Если бы я мог это устроить, меня бы похоронили рядом с Сарой, и это было бы в Нью-Гемпшире. На холме в пригороде, где мы жили, есть маленькое кладбище, довольно уютное. Мои родители лежат на церковном кладбище всего в пятнадцати милях к югу. Сару похоронили в Индианоле. Ее отец настоял, чтобы тело Сары перевезли в Айову. Она похоронена там, с родителями, на участке кладбища, принадлежащем семье Берд. Я не был на ее могиле со дня похорон. Мы жили вместе так недолго, что я был убежден — родные имеют на нее больше прав, чем я. Меня легко в этом убедили, и мне было совершенно безразлично, где именно ее похоронят. Ее отец больше не причинит ей вреда, а я все равно ее больше никогда не увижу.
Я был с ней в больнице, когда она умирала. Я сидел возле ее кровати, держал ее за руку. Я говорил, что люблю ее. Я потерял сына, которого так никогда и не увидел, и не было сомнений, что вскоре я потеряю и жену. Я был растерзан, отделен от самого себя, выдернут из сознания, не способен думать и чувствовать. Сара при мне не приходила в сознание, и я благодарен за это судьбе. Я почти ничего не помню о времени, проведенном рядом с ней в больничной палате. Не помню того момента, когда она умерла. Не помню, что сказал доктор, как он это сказал, что я делал потом. Я бы должен помнить все, но у меня остались лишь отрывочные воспоминания о тех пустых часах.
Ее родители прилетели к нам на рождение внука. Ребенок уже умер, когда они прибыли. Они сидели в комнате ожидания, в горе и смятении. Я жалел о том, что они приехали.
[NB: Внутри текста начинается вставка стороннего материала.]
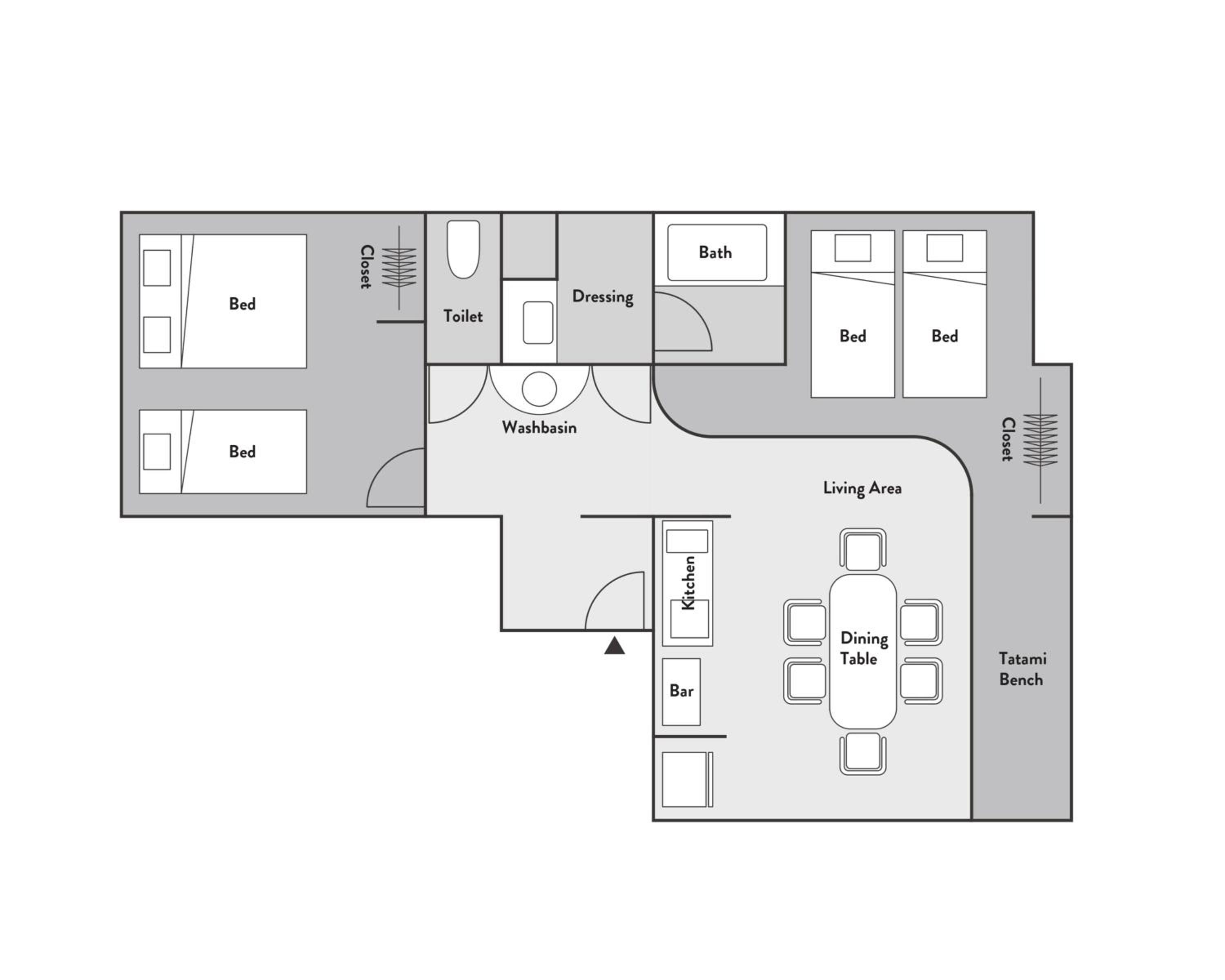The entrance area was quite dirty. Although guests are asked to remove their shoes, doing so meant standing on a cold, wet, and dirty floor, which was very unpleasant and uncomfortable.

Отец Сары был омерзителен, а мать безобидна, она не сделала ничего, чтобы заслужить мою ненависть. Ради нее я старался держать их в курсе дел. Периодически я выходил к ним, чтобы сообщить новости. Ничего не менялось. Состояние Сары ухудшалось, а потом она умерла. В какой-то момент, после шести или семи часов дежурства у постели умирающей, я вышел из палаты с намерением купить леденцов или воды в автомате, который я видел поблизости. Я не понимал, что делаю и куда иду. Я просто шел. Когда я вернулся в палату с помощью больничного волонтера (я забыл, за чем шел), преподобный Берд, отец Сары, стоял над ней. В палате было темно, он выключил свет. В руках он держал молитвенник и читал его вслух нараспев. Не знаю, что он распевал, хотя впоследствии мне сказали, что он проводил ритуал соборования умирающей. Я знал, что если Сара очнется, услышит и увидит его в темноте, она очень испугается. Она бы не хотела, чтобы он был там и читал молитвы. Я разъярился и велел ему выйти. Он увидел мою ярость и мудро решил не сопротивляться.